§ Material for this exercise:
>>>

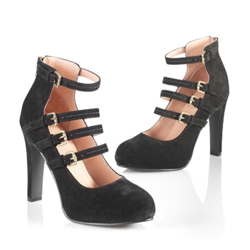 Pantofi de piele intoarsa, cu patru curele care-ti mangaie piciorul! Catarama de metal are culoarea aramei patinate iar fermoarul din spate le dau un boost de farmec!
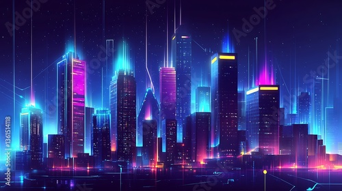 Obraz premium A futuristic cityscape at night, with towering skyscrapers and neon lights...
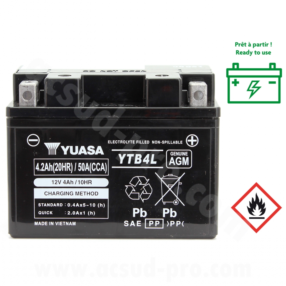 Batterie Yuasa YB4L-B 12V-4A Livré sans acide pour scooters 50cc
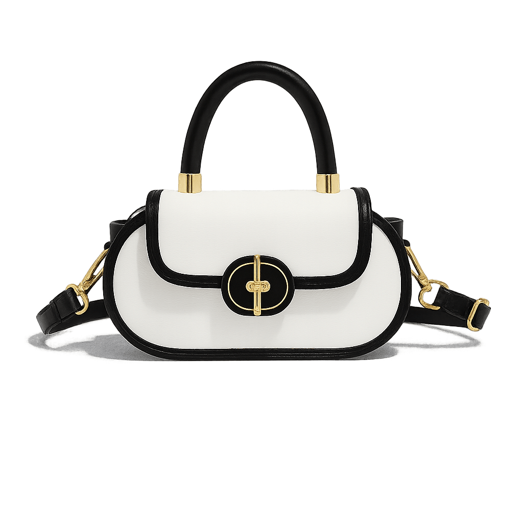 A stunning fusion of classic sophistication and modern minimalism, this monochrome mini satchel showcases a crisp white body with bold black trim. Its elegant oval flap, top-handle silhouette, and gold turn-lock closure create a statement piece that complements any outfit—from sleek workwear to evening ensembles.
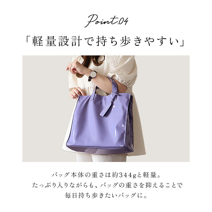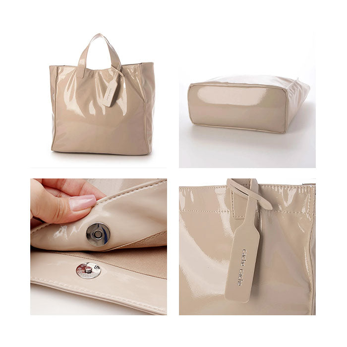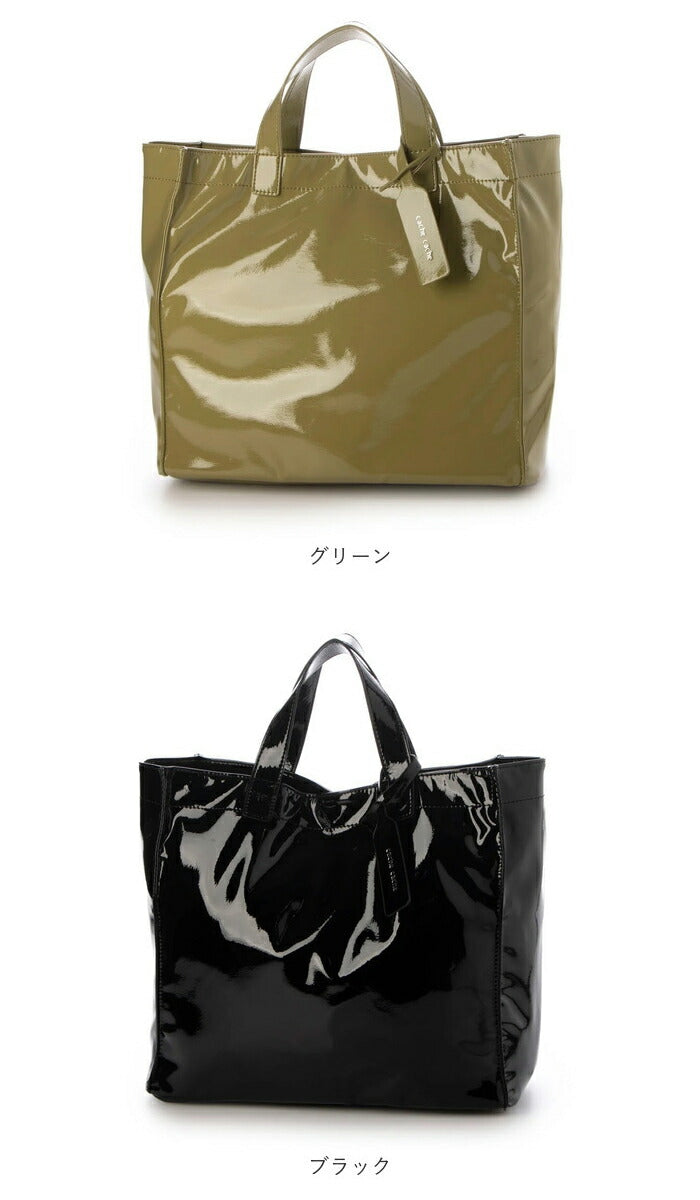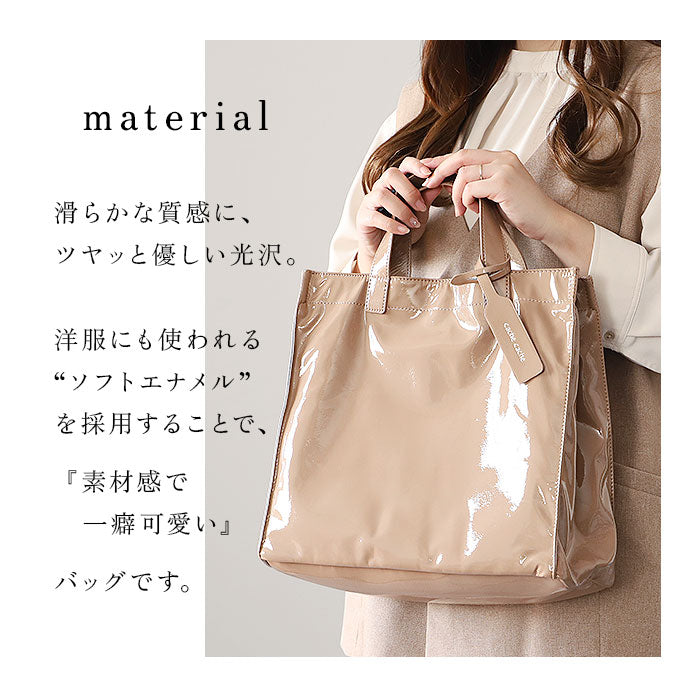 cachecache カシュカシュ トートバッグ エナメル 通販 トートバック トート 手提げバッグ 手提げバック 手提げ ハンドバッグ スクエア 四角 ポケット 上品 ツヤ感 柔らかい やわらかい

<<<
>>>

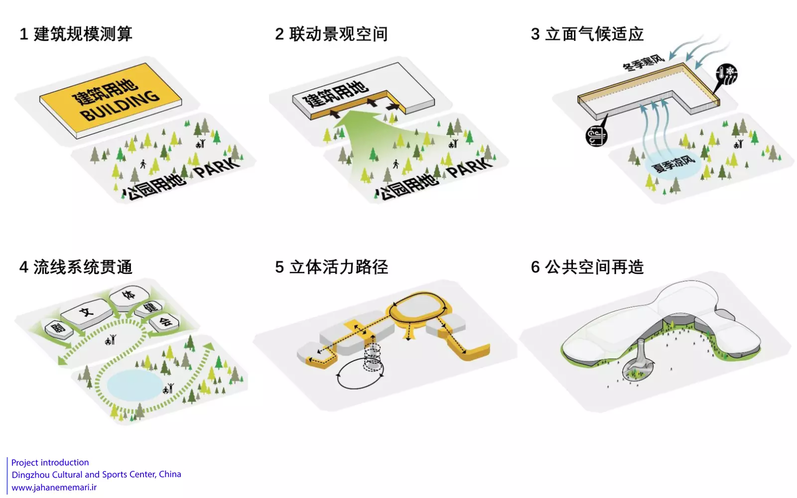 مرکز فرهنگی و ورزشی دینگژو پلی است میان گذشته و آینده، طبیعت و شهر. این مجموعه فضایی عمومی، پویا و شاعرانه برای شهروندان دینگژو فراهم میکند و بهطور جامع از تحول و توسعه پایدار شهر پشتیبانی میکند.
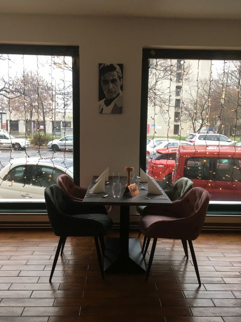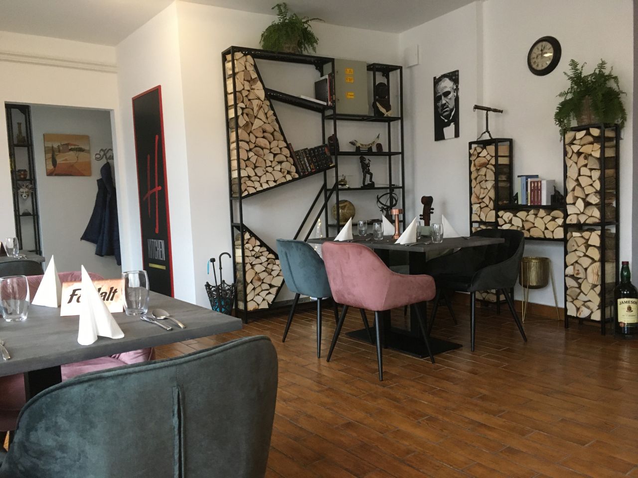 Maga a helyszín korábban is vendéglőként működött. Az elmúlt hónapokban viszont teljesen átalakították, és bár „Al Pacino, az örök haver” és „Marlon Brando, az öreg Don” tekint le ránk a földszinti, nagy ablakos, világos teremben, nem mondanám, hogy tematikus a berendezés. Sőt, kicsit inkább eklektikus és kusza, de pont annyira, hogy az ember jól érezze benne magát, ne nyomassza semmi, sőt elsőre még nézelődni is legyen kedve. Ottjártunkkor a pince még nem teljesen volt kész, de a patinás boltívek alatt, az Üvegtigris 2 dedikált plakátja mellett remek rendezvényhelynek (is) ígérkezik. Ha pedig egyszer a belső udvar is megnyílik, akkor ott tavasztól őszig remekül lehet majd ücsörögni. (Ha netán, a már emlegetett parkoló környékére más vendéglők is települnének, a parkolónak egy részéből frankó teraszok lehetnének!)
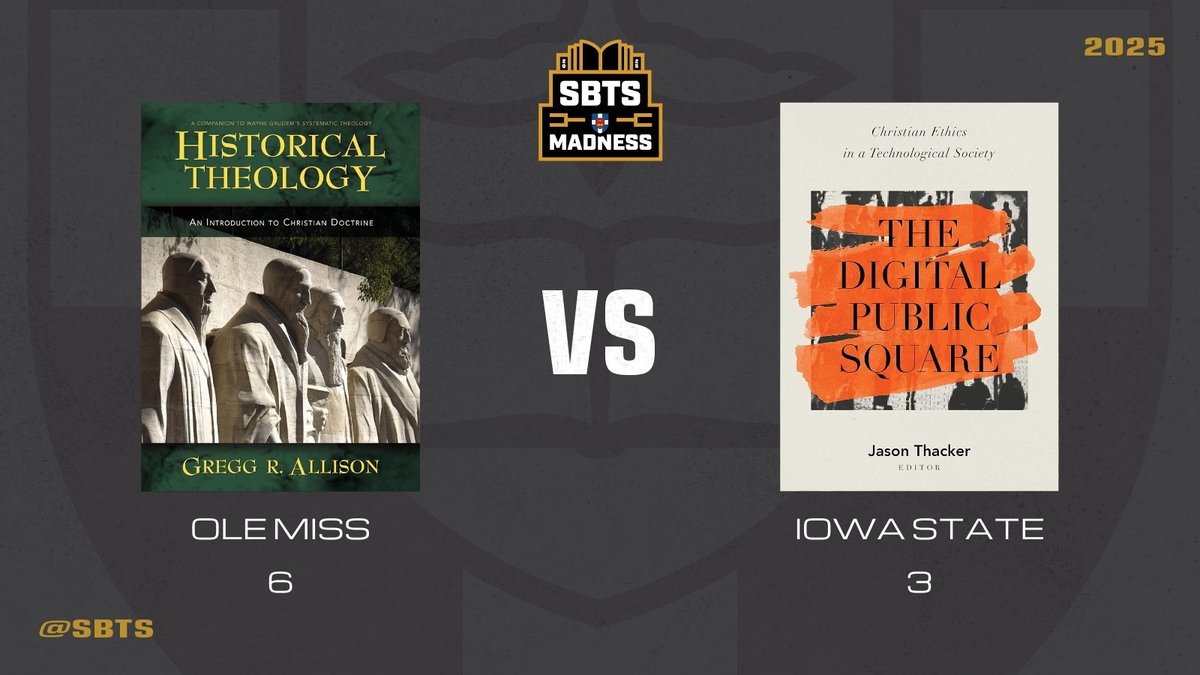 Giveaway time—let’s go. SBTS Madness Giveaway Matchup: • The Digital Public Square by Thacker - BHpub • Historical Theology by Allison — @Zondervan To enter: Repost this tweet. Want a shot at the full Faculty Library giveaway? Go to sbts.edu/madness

<<<
>>>

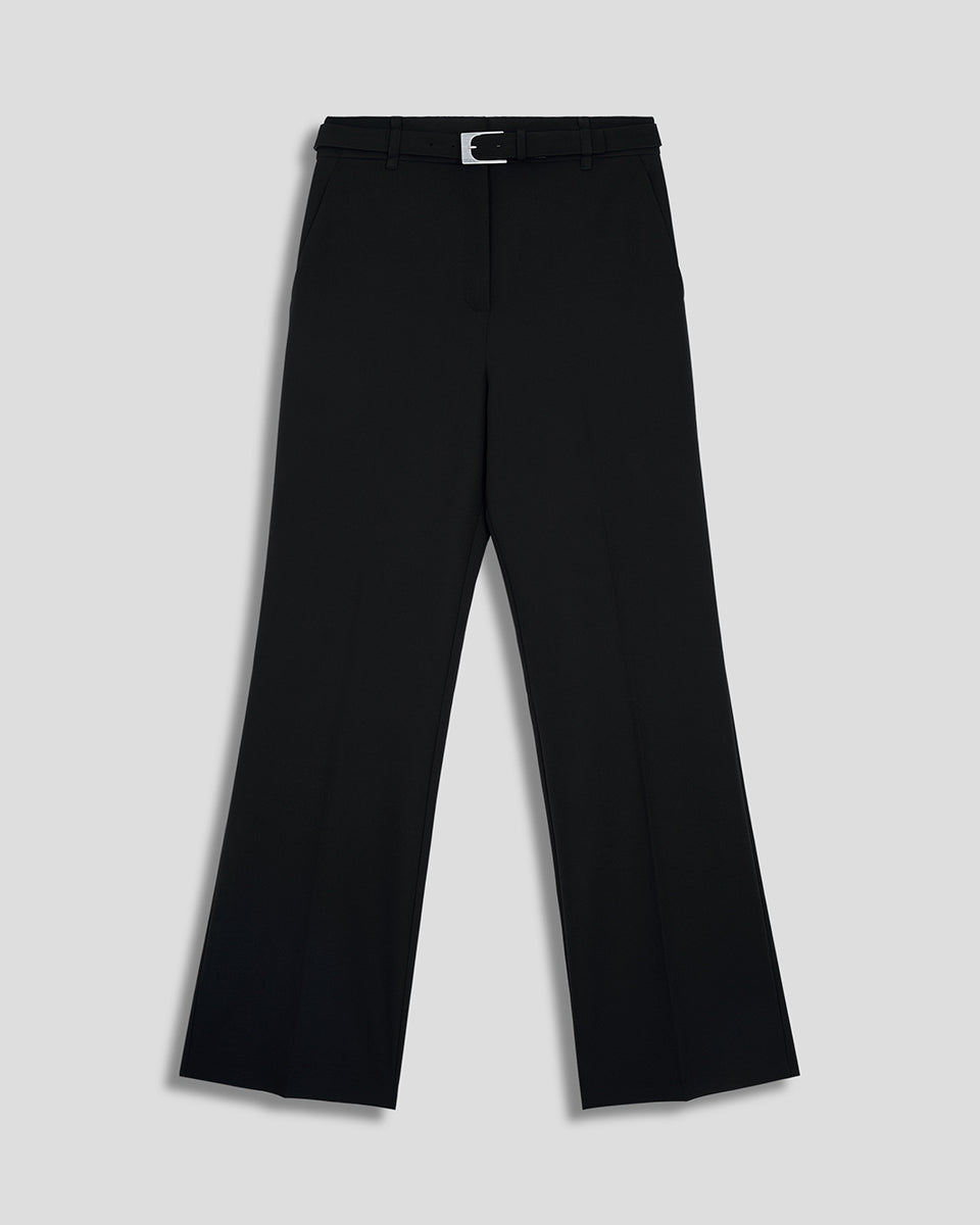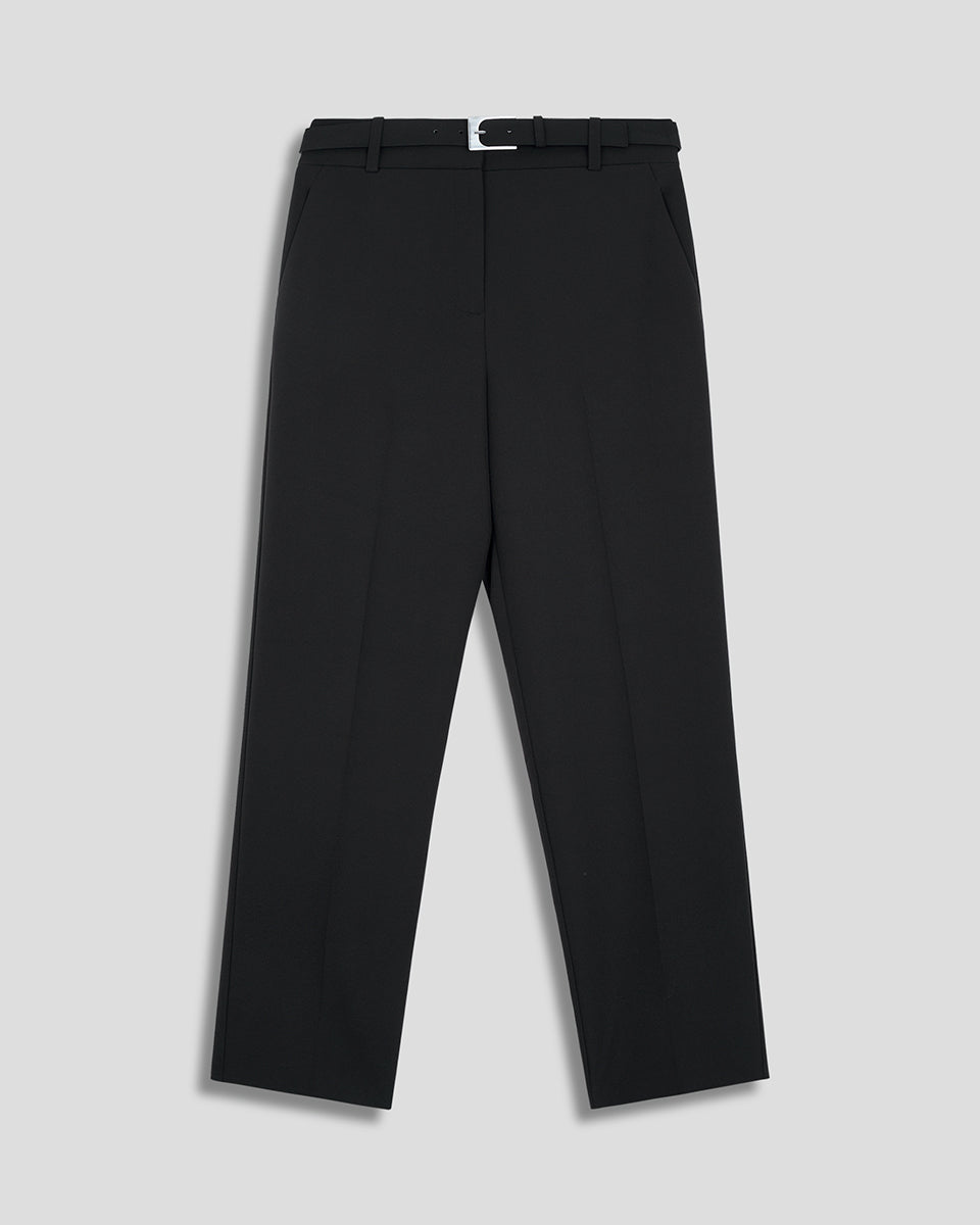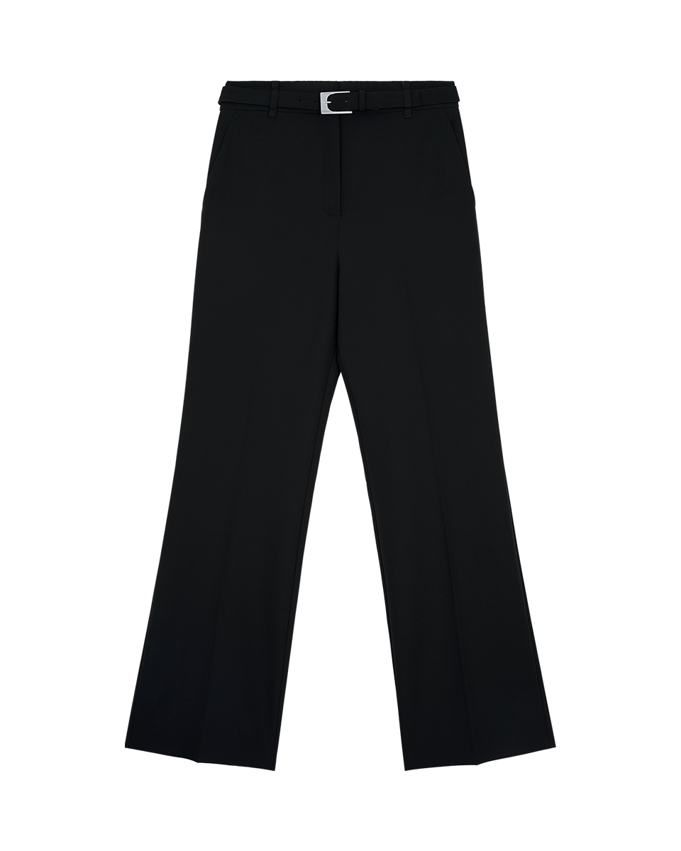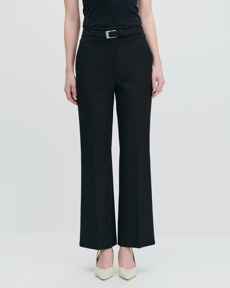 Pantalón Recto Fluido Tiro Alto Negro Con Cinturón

<<<

§ Task brief:
Both the line containing "Obraz premium A" and the line containing "cachecache カシュカシュ トートバッグ" above belong in the output, as do the lines between them. Print them exactly, without pictures.

§ Answer to this exercise:
 Obraz premium A futuristic cityscape at night, with towering skyscrapers and neon lights...
 Batterie Yuasa YB4L-B 12V-4A Livré sans acide pour scooters 50cc
 A stunning fusion of classic sophistication and modern minimalism, this monochrome mini satchel showcases a crisp white body with bold black trim. Its elegant oval flap, top-handle silhouette, and gold turn-lock closure create a statement piece that complements any outfit—from sleek workwear to evening ensembles.
 cachecache カシュカシュ トートバッグ エナメル 通販 トートバック トート 手提げバッグ 手提げバック 手提げ ハンドバッグ スクエア 四角 ポケット 上品 ツヤ感 柔らかい やわらかい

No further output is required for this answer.